We've selected 13 books that we think will supplement your learning. Use these to develop background knowledge, enrich your coursework, and gain a deeper understanding of the topics covered in Answering Interesting Questions with Data.
Provides a comprehensive overview of data science using Python. It covers a wide range of topics, including data cleaning, data manipulation, data visualization, and machine learning. It valuable reference for data scientists of all levels.
Provides a comprehensive overview of statistical learning. It covers a wide range of topics, including statistical learning algorithms, statistical learning models, and statistical learning applications.
Is an excellent primer on data science and machine learning. It provides a broad overview of the field, including data mining, data analysis, and machine learning. It can also serve as a valuable reference.
Provides a comprehensive overview of deep learning. It covers a wide range of topics, including deep learning architectures, deep learning algorithms, and deep learning applications.
Provides a comprehensive overview of computer vision.

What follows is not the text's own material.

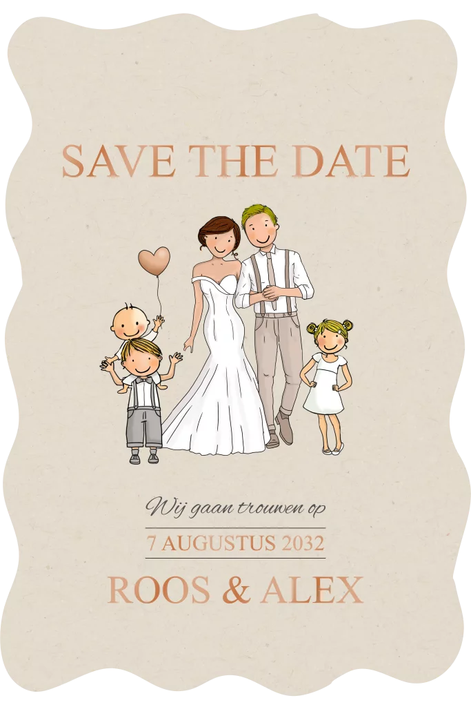Savethedate getekende bruidspaar met kinderen en ballon is een chique en vrolijke met folie kaart. Deze save the date kaart past perfect bij de huisstijl van de trouwkaart getekende bruidspaar met kinderen en ballon, maar je kan de kaart ook nog helemaal aanpassen naar jouw voorkeur.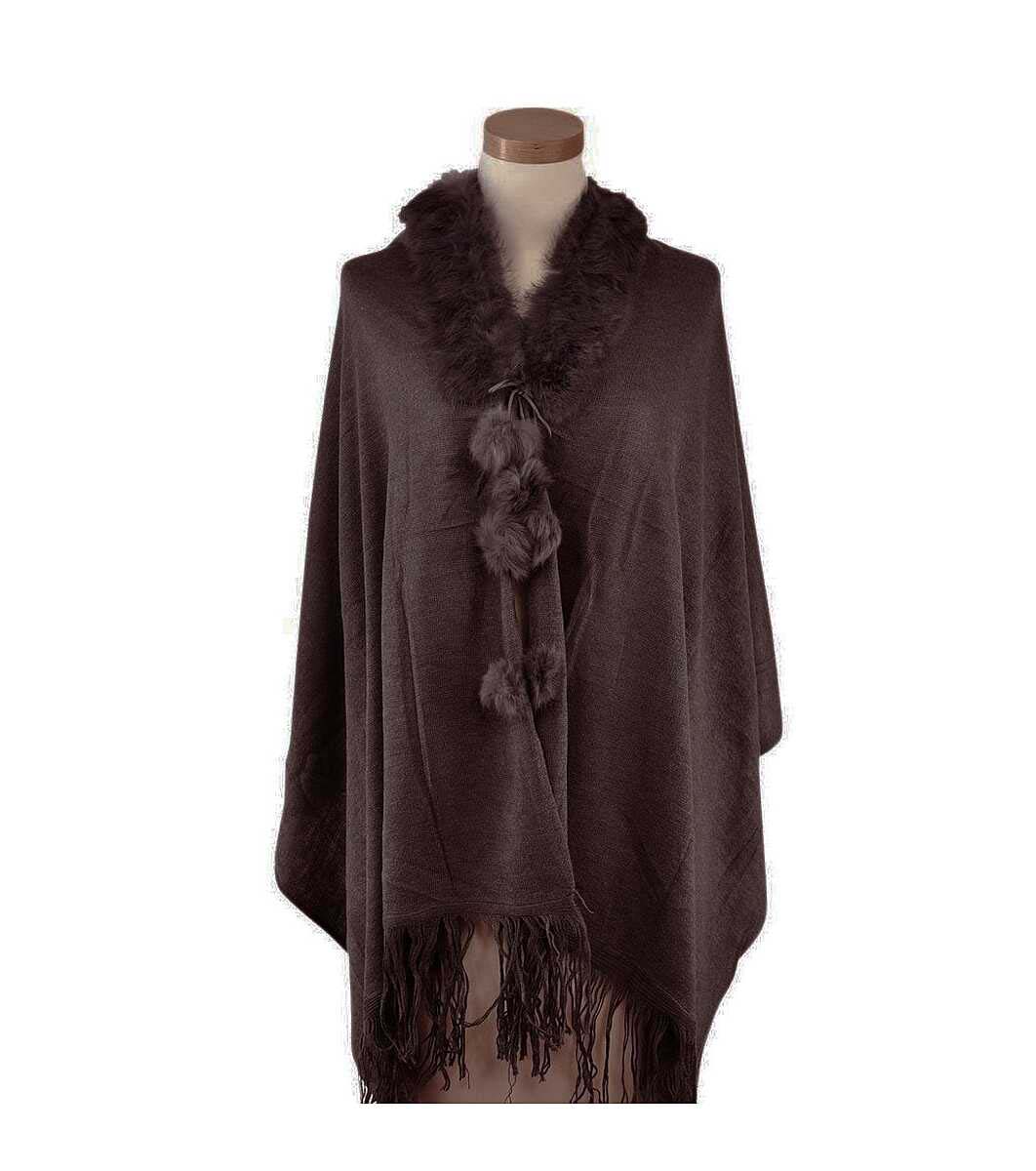 Poncho cu pompon maro închis

It covers a wide range of topics, including computer vision algorithms, computer vision techniques, and computer vision applications.
Provides a comprehensive overview of data visualization. It covers a wide range of topics, including data visualization principles, data visualization techniques, and data visualization tools.
Provides a comprehensive overview of reinforcement learning. It covers a wide range of topics, including reinforcement learning algorithms, reinforcement learning models, and reinforcement learning applications.
Provides a comprehensive overview of Bayesian reasoning and machine learning. It covers a wide range of topics, including Bayesian reasoning algorithms, Bayesian reasoning models, and Bayesian reasoning applications.
Provides a comprehensive overview of reinforcement learning and optimal control. It covers a wide range of topics, including reinforcement learning algorithms, optimal control algorithms, and reinforcement learning applications.
Provides a comprehensive overview of machine learning from a probabilistic perspective. It covers a wide range of topics, including probabilistic machine learning algorithms, probabilistic machine learning models, and probabilistic machine learning applications.
Provides a comprehensive overview of convex optimization. It covers a wide range of topics, including convex optimization algorithms, convex optimization models, and convex optimization applications.
Provides a comprehensive overview of information retrieval. It covers a wide range of topics, including information retrieval algorithms, information retrieval techniques, and information retrieval applications.
Provides a comprehensive overview of natural language processing. It covers a wide range of topics, including natural language processing techniques, natural language processing tools, and natural language processing applications.

Share

Help others find this course page by sharing it with your friends and followers:

Similar courses

Here are nine courses similar to Answering Interesting Questions with Data.
Data Tells a Story: Reading Data in the Social Sciences...
AWS Certified Data Analytics - Specialty (DAS-C01)
Population Health: Responsible Data Analysis
Advanced Data Wrangling
Data Driven Decision Making
Salesforce Admin certification course
JSON - Beginners Guide to learning JSON with JavaScript
Data Mining Project
Introduction to Apache NiFi | Cloudera DataFlow - HDF 2.0
Our mission

OpenCourser helps millions of learners each year. People visit us to learn workspace skills, ace their exams, and nurture their curiosity.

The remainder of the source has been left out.